Hike of the Week: Kelsey Creek
![]() |
| Enjoy quiet countryside in the heart of Bellevue at Kelsey Creek |
Kelsey Creek
Quaint and historic link on Bellevue’s Lake to Lake Trail
by Craig Romano
photo by Craig Romano
produced by Michael Fagin
December 29, 2006
Quick Facts
Location: Bellevue, King County
Land Agency: City of Bellevue Parks Department
Roundtrip: 2.5 miles
Elevation gain: 100 feet
Access: From I-405, take the SE 8th Street exit (#12). Turn east and head up the Lake Hills Connector. Turn left at stop sign (128th Avenue SE). Turn right at SE 4th Place. Follow to end at a large parking lot.

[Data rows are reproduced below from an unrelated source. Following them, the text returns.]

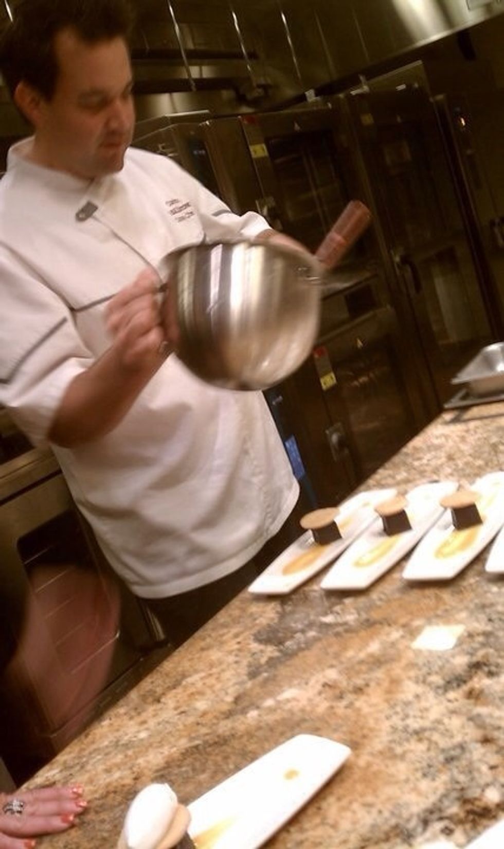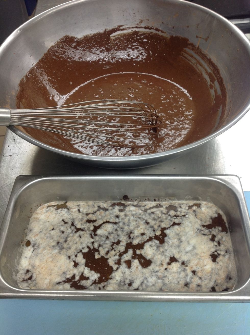 Temper and stir chocolate mixture into cocoa mixture.
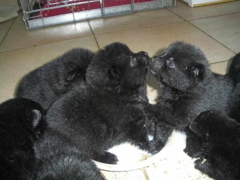 De hondjes blijven 8 weken bij de moeder, ze worden bij mij in huis geboren en zijn constant in contact met alles wat er normaal in een gezin gebeurt. Als ze vijf weken zijn gaan ze ook naar buiten om daar te wennen aan alle geluiden en omstandigheden.
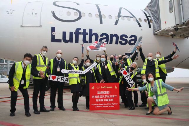 德国汉莎航空公司首个免隔离航班顺利抵达上海
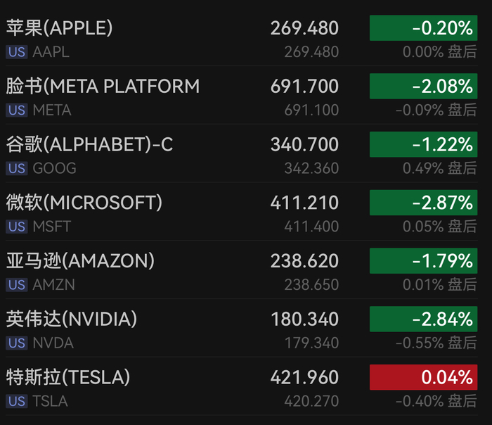 大型科技股普遍承压。英伟达收跌2.84%,连续第三个交易日回落。微软下跌2.87%,特斯拉基本持平、微涨0.04%,苹果回落0.20%。AlphabetA类股下跌1.16%,C类股跌1.22%;亚马逊下挫1.79%,博通跌幅达3.26%,超威半导体下跌1.69%,Meta Platforms下滑2.08%。

Notes: Dogs must be leashed
One of the nicest suburban trail systems in Seattle’s Eastside is Bellevue’s Lake to Lake Trail. Beginning at Enatai Beach Park on Lake Washington and ending on the shores of Lake Sammamish, the Lake to Lake trail incorporates various trails through various parks within the city. Be sure to pick up a copy of Nature Trail Guide, the excellent park and trail booklet issued free by the Bellevue Parks Department.
Several of the links along the way are excellent destinations within themselves. The Kelsey Creek Community Park ranks as one of the area’s most popular parks. Over 200,000 people visit it each year. If you’re interested in hiking back into Bellevue’s Past, this park will take you there. Choose here among 2.5 miles of interconnected trails that’ll take you along Kelsey Creek, and through pastoral forests and farm grounds complete with sheep and horses. You’ll be projected back to a Bellevue 100 years earlier. Good woods trails and a nice easy one mile loop trail around the farm make for peaceful family-friendly hiking.
And if you want to log a few more miles, not too far from Kelsey Creek is bustling Wilburton Hill Park, an easy connection by foot. A Botanical Garden and over 5-miles of well groomed trail grace this 103-acre city park. If you continue east along the Lake to Lake Trail corridor you’ll eventually come to the Lake Hills Greenbelt. This 150-acre preserve like Kelsey Creek brings you back to the early 20th century; back to a time when Japanese-Americans farmed the bogs around Larsen Lake. The farm, the lake, and surrounding forest which includes mature cedars and firs, still remains almost the way it did 100 years ago.
The Lake to Lake Trail System offers countless possibilities for loops and variety. Start your explorations of this excellent trail network at Kelsey Creek Park.